Now go back to orderly traversing the 100 rooms. This time you can say with certainty that you'd see blue in one of the trials no matter what. But this certainty is only very very slightly more than the very high probability of the previous paragraph; going from 0.99 to 0.5 on the strength of that change is hardly warranted. As before, if the coin were heads, it's very unlikely that this particular 65th trial would be the one with the blue room; and your answer should reflect this unlikelyhood.
Now go back yet again: they improved the drug and you no longer remember how many trials you had before this one. Should this matter a lot to your response? When you knew this was the 65th trial, you knew nothing about your experience in the previous 64. And it was guaranteed that you'd eventually reach the 65th. It seems that the number of the trial isn't giving you any real information, and your answer ought to remain unchanged without access to it.

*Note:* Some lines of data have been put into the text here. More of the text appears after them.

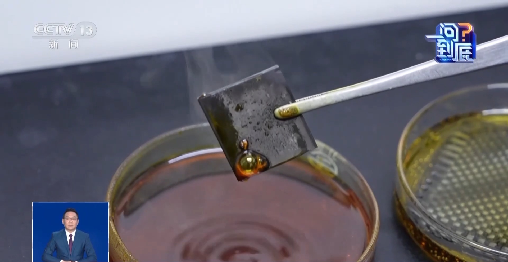 总台央视记者 古峻岭:首先把一个碳纤维织的布片浸没到强酸里,再把一个金属片放到强酸里。金属片一进到强酸里就立刻冒出了很多气泡,发生了剧烈的反应。把它拿出来还会冒出一些反应的烟雾,正在经历剧烈的腐蚀。而泡了一会儿的碳纤维没有任何变化,抗腐蚀性能非常优异。
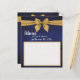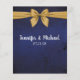 Stunning dark blue background tied with a gold bow image. Stationery is all printed, no actual ribbon. Personalize our gorgeous stationery with your event details easily and quickly, simply press the customize it button. Coordinating backside is included. Matching items to complete your event collection are available in our Zazzle store!
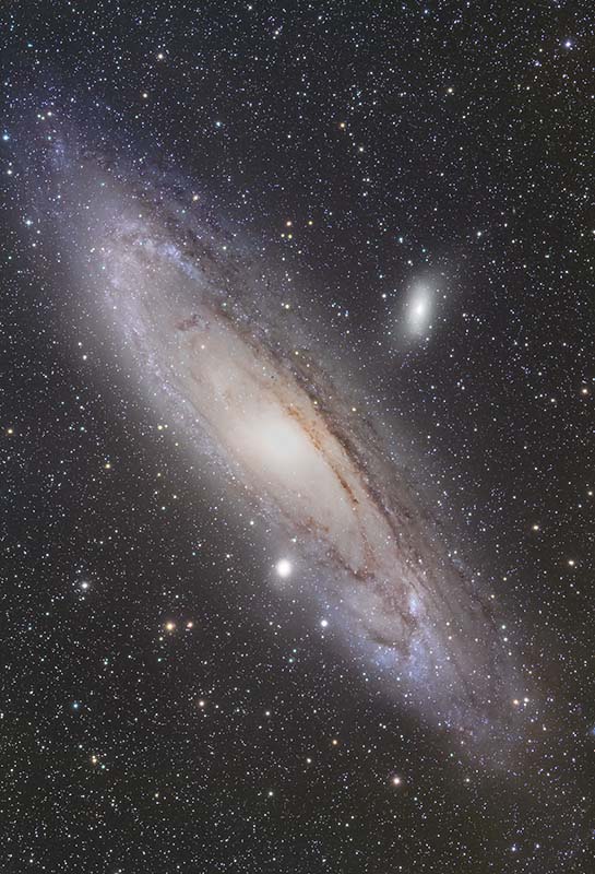 アンドロメダ銀河は、私たちの住む天の川銀河のとなり230万光年の距離に位置し、言わずと知れた超有名天体です。大きさは満月の約5倍ほどありますが、肉眼では中心部の明るい部分だけが雲のように見えます。双眼鏡で観測すれば楕円形の光芒を確認することができます。写真中央のアンドロメダ銀河はメシエカタログでM31、中央右上の光芒がM110、中央下の小さな光芒がM32で、いずれも銀河です。M110とM32銀河はアンドロメダ銀河の伴銀河で相互作用していると考えられています。M110銀河とアンドロメダ銀河間に非常に淡い光の星間ガスが見えるのは、この相互作用によるものでしょうか。
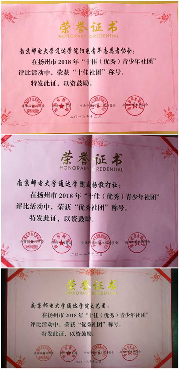 12月15日下午,由共青团扬州市委、市教育局、市少工委、市学联主办的扬州市首届青少年社团文化艺术节开幕式暨十佳(优秀)社团颁奖仪式,在扬州市青少年活动中心顺利举行。今年会官网阳光青年志愿者协会荣获扬州市十佳社团,大学生艺术团及威扬散打社荣获扬州市优秀社团。

This thought-experiment has been on my mind for a couple of days, and no doubt it's a special case of a more general problem identified somewhere by some philosopher that I haven't heard of yet. It goes like this:
You are blindfolded, and then scanned, and ninety-nine atom-for-atom copies of you are made, each blindfolded, meaning a hundred in all. To each one is explained (and for the sake of the thought experiment, you can take this explanation as true (p is approx. 1)) that earlier, a fair-coin was flipped. If it came down heads, ninety-nine out of a hundred small rooms were painted red, and the remaining one was painted blue. If it came down tails, ninety-nine out of a hundred small rooms were painted blue, and the remaining one was painted red. Now, put yourself in the shoes of just one of these copies. When asked what the probability is that the coin came down tails, you of course answer “.5”. It is now explained to you that each of the hundred copies is to be inserted into one of the hundred rooms, and will then be allowed to remove their blindfolds. You feel yourself being moved, and then hear a voice telling you you can take your blindfold off. The room you are in is blue. The voice then asks you for your revised probability estimate that the coin came down tails.
It seems at first (or maybe at second, depending on how your mind works) that the answer ought to be .99 – ninety-nine out of the hundred copies will, if they follow the rule “if red, then heads, if blue then tails”, get the answer right.
However, it also seems like the answer ought to be .5, because you have no new information to update on. You already knew that at least one copy of you would, at this time, remove their blindfold and find themselves in a blue room. What have you discovered that should allow you to revise your probability of .5 to .99?
And the answer, of course, cannot be both .5 and .99. Something has to give.
Is there something basically quite obvious that I'm missing that will resolve this problem, or is it really the mean sonofabitch it appears to be? As it goes, I'm inclined to say the probability is .5 – I'm just not quite sure why. Thoughts?